=== TASK TO COMPLETE ===
A faithful copy of the data is what is wanted, minus any pictures.

Items listed in a dataset
============================================================

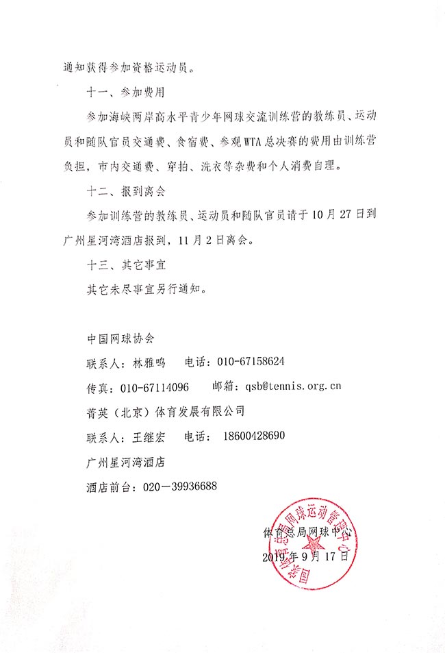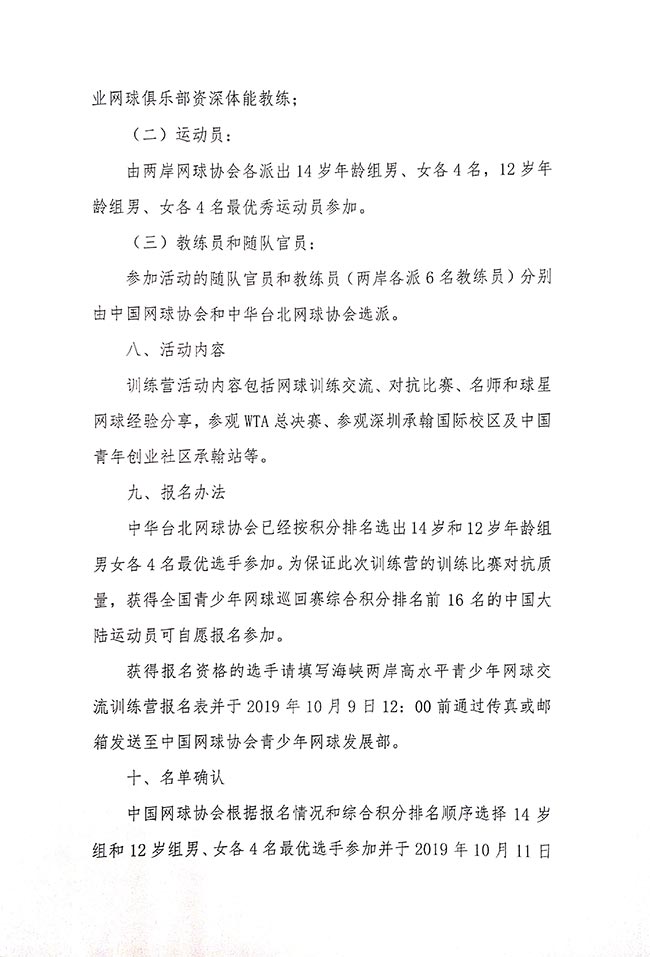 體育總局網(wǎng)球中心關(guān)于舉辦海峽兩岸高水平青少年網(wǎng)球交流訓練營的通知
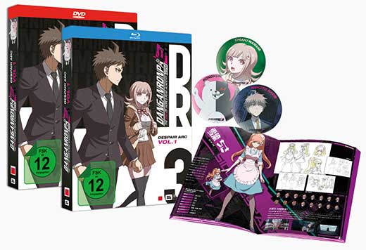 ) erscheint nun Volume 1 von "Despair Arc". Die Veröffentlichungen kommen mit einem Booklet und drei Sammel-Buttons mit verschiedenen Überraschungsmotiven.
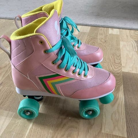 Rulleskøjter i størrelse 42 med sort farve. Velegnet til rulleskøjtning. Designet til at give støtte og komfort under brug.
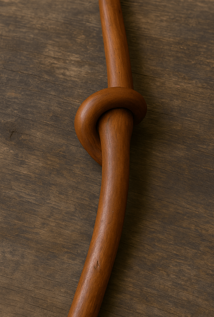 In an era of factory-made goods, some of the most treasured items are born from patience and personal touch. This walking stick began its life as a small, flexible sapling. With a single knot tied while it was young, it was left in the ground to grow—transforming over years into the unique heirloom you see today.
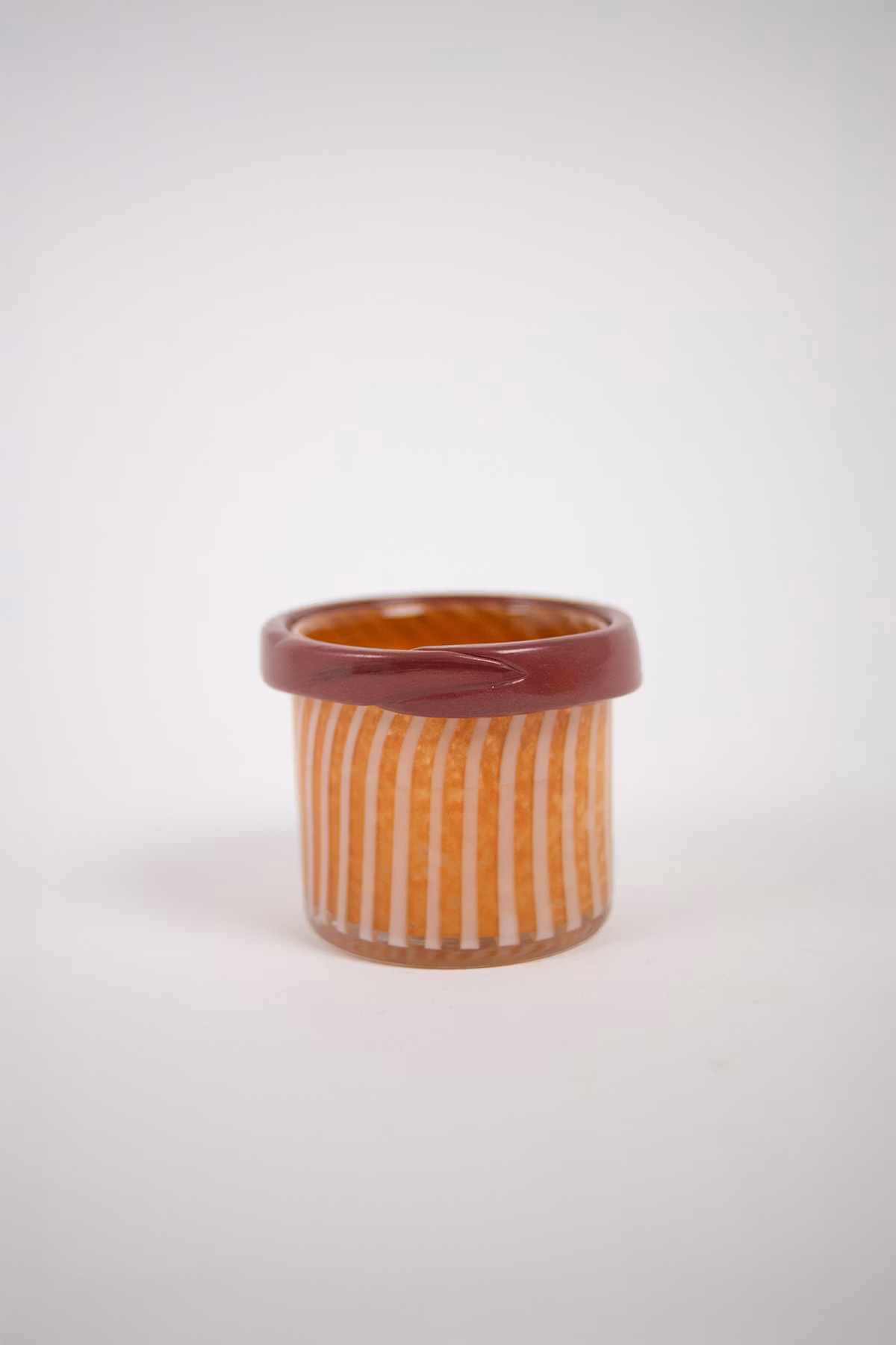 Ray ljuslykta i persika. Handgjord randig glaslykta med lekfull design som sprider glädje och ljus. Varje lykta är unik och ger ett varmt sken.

============================================================

=== WRITTEN SOLUTION ===
 體育總局網(wǎng)球中心關(guān)于舉辦海峽兩岸高水平青少年網(wǎng)球交流訓練營的通知
 ) erscheint nun Volume 1 von "Despair Arc". Die Veröffentlichungen kommen mit einem Booklet und drei Sammel-Buttons mit verschiedenen Überraschungsmotiven.
 Rulleskøjter i størrelse 42 med sort farve. Velegnet til rulleskøjtning. Designet til at give støtte og komfort under brug.
 In an era of factory-made goods, some of the most treasured items are born from patience and personal touch. This walking stick began its life as a small, flexible sapling. With a single knot tied while it was young, it was left in the ground to grow—transforming over years into the unique heirloom you see today.
 Ray ljuslykta i persika. Handgjord randig glaslykta med lekfull design som sprider glädje och ljus. Varje lykta är unik och ger ett varmt sken.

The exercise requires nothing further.